Of course, you also have to abstract in such a way as to facilitate realizing the service automation goal.  It would seem that the ideal situation would be to convert current OSS/BSS/NMS processes into microservices that could then be integrated with service lifecycle management states as a service deployed and moved through various sets of issues.  The one risk that I see in focusing on abstracting legacy technology is missing the need for these microservices.  After all, we already have management orchestration in classic networks—the international model of EMS-NMS-SMS progression implies layers of increasing service awareness.  It would be all too easy to simply rename stuff that’s already out there, declare it a service automation solution, and forget that we’ve not moved the ball.

This risk is most likely a factor for big network vendors and for OSS/BSS vendors—the former because they really don’t want much evolution in infrastructure and the latter because they don’t want to do too much new stuff.  That’s why having an operationalizing software model and orchestration within SDN/NFV would have been so helpful.  We still may get it, but it’s getting harder every day.
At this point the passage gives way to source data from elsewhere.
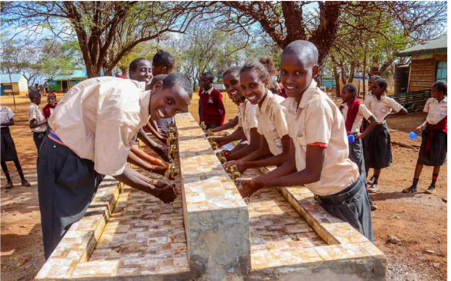
Participants wash their hands at a handwashing point in Karare following the installation of the community water project, which aims to improve access to clean water.

W ater scarcity has long been a defining feature of Karare ward in Marsabit County. Families walked long distances, often more than five kilometers, to reach unreliable and unsafe water sources. Preventable diseases such as typhoid and diarrhea were a constant threat, and children often missed school to help their caregivers fetch water. In Karare, water is not just a need; it is a daily struggle. Today, a journey that began in January 2024 has culminated in the establishment of a solar-powered borehole system under the professional supervision of Beta Geo Consultants Limited, changing the story in the Karare community. With 72 solar panels now fully installed and operational, the system provides a reliable, sustainable source of clean water. It is safe to say that the success of this project goes beyond infrastructure. It lies in the people who now own and sustain it.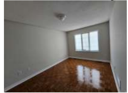
Pic. 15: Bedroom 3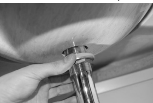
Above: Drain Attachment

Remove the nut attached to the threaded pipe of the drain and place the drain assembly along with the upper most rubber drain gasket (if provided) into the sink's drain hole.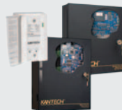
Kantech Door Controller Family

That’s the real lesson of these numbers.  We could do the best thing possible by uniting the software automation and SDN/NFV movements, but if the latter stubbornly refuses to address an opex-dominated end game, then harmonization will be very difficult.  Salespeople tell me that 1) it’s very hard to do a unified sell of SDN/NFV justified by a broad capex/opex business case and 2) their own companies don’t want them to do that because they won’t make near-term sales goals.  Well, those goals are at risk now in any event, and is the long-term SDN/NFV future if software automation gets out in front.

What Does “Software-Defined Networking” Really Mean?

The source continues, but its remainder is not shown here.